By Retired Congressman Mo Brooks
This is an opinion column
In 2010, voters elected me to Congress. Shortly after being sworn in as Alabama’s 5th District Congressman, I received a bill demanding I pay the National Republican Congressional Committee $300,000.
The NRCC exists to help Republicans win office. Inasmuch as the NRCC endorsed a party-switcher — former Democrat and now Democrat again Parker Griffith — over me in the GOP Primary, I was taken aback by the NRCC’s brazen gall.
I asked for advice from colleagues. Their answer: if you want good committee assignments, you buy them. I grudgingly paid the $300,000 in campaign funds to be in a better position to get committee assignments that best represent 5th District interests.
This was my introduction into a bad system that corrupts freshmen congressmen and puts special interests first and the public last.
I break Congress’s corrupt system into parts:
- First, committee assignment purchase prices are $250,000-$500,000. The exact amount depends on a committee’s monetized value and whether it is an “A”, “B” or “C” committee[1]. Chairman of an “A” Committee[2] costs $1-$1.2 million. If bidding wars ensue, prices may go up.
Retired Congressman Matt Gaetz of Florida explains that letter grades are “solely lashed to that committee’s ability to generate campaign cash for its members. (If you are on Ways and Means and control the tax code), there is no lobbyist in this town that would not swim across the Potomac to deliver you a $5,000 check.”
- Second, members of Congress cannot get committee purchase price money from Joe and Jane Citizen. They cannot afford it.
As Kentucky GOP Congressman Thomas Massie emphasizes, “Now where are you going to get that money? You’re not gonna go back home and have a fundraiser in somebody’s living room. That just doesn’t work. The people that fund your purchase of the committee seat are the people who have interest in the work product of that committee, DC lobbyists.”[4]

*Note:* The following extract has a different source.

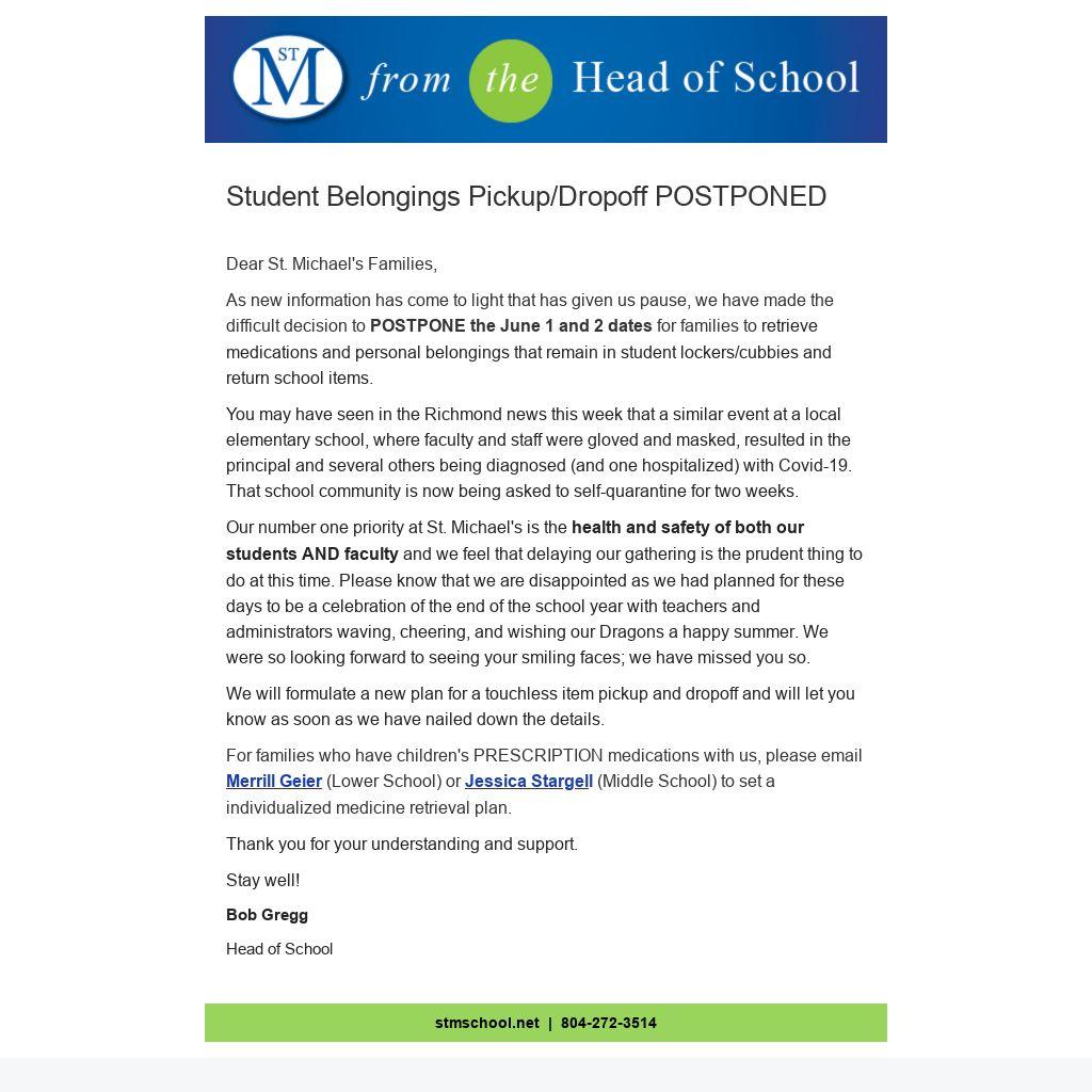 As new information has come to light that has given us pause, we have made the difficult decision to POSTPONE the June 1 and 2 dates for families to retrieve medications and personal belongings that remain in student lockers/cubbies and return school items.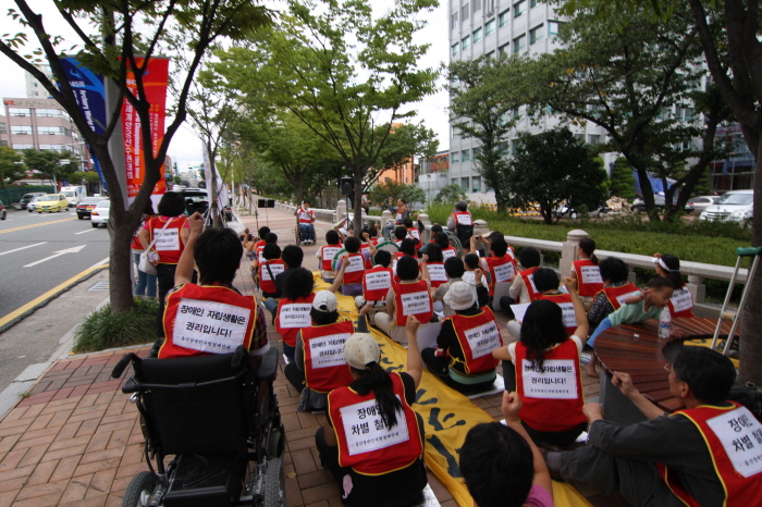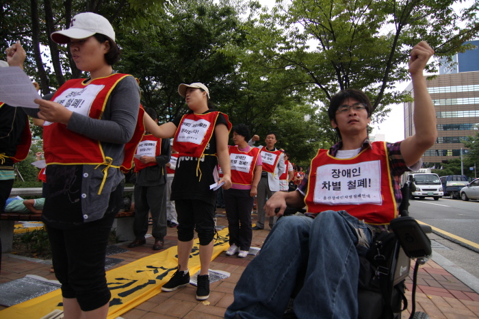 18개 장애인.시민사회단체로 구성된 울산장애인차별철폐연대는 31일 오전 10시30분 울산시청 남문 앞 인도에서 집회를 열어 울산시가 지난해 합의한 장애인복지정책의 주요 부분을 하나도 지키지 않았고 올해 4월 발표한 장차련의 요구에 대해서도 무시로 일관하고 있다며 울산시를 거세게 규탄하고 오전 11시30분부터 천막농성에 들어갔다.

- Third, since Joe and Jane Citizen lack the money to fund the committee purchase price system, Congressmen must go to special interests to get the committee purchase price funding.
- Fourth, special interests demand a quid pro quo. You do as demanded, and put special interests above public interest, or you are cut off from the needed purchase money.
My growing disgust with this corrupt committee purchase system came to a head on the House Floor when a congressman (an intermediary for GOP leadership) offered me two different subcommittee chairmanships for $300,000 apiece. I declined each offer.
The third time I was asked, I gave copies of federal corruption and bribery statutes to the congressman, stated the purchasing committee power system was ethically dubious at best and criminal at worst, reminded him Congress had found Obama’s Attorney General Eric Holder in contempt and that Holder might be motivated to hang a few Republican congressmen’s heads on his trophy wall, and further reminded him that the DC jury pool would be 90% Democrat.
I was never again asked to buy a committee assignment or chairmanship.
Interestingly, not long thereafter, a candidate for the NRCC chair distributed written campaign brochures with committee purchase price listings on it, arguing, ‘Elect me. I will charge you less for your committee powers.’”
A USA Today front-page article quoting GOP Congressman Thomas Massie of Kentucky is illuminating:
Massie “was approached by a lobbyist who told him he could help the congressman raise enough money to get on the Ways and Means Committee ($500,000). That’s a powerful committee that oversees tax policy and is one of the most coveted panels in Congress.”
“He pulled me and my chief of staff into a meeting,” Massie said. “He offered to raise the money that would be required to get me on Ways and Means. This is a lobbyist telling me he can get me on Ways and Means.”
“It was one of the scummiest meetings I’ve ever been in,” Massie said. “I left just reeling, thinking about the implications for how this place works, when you realize that the lobbyists pick who goes on which committee.”
After thanking Massie on the House Floor for publicizing this corrupt practice, Massie replied, “Thank you, Mo. But I made a major mistake.”
I replied, “Mistake? I saw no mistake! I thought the article was great!”
Massie replied, “Well, I described the process as buying committee assignments. That’s not really accurate. It’s more of a rental agreement than a purchase agreement because you must repeatedly pay the rental price every two years.”
I conclude with clarifications.
First, the House operates differently from the Senate. While Senate chairmanship prices are likely higher, the Senate appears to give greater weight to seniority and merit when making committee decisions.
Second, buying committee assignments is bipartisan. Both parties do it. The differences is pricing structures and who you pay.
Third, many congressmen deny the committee assignment purchase system exists. They are partially correct but in substance wrong. Paying the purchase price into NRCC coffers does not guarantee a desired committee, but failure to pay the purchase price is a guarantee that you don’t get considered. That’s a distinction without a difference.
How can the public fix this corrupt process? Citizens must vote based on their own research, and never vote based on often false but always slick campaign ads special interests pay for. It’s that simple.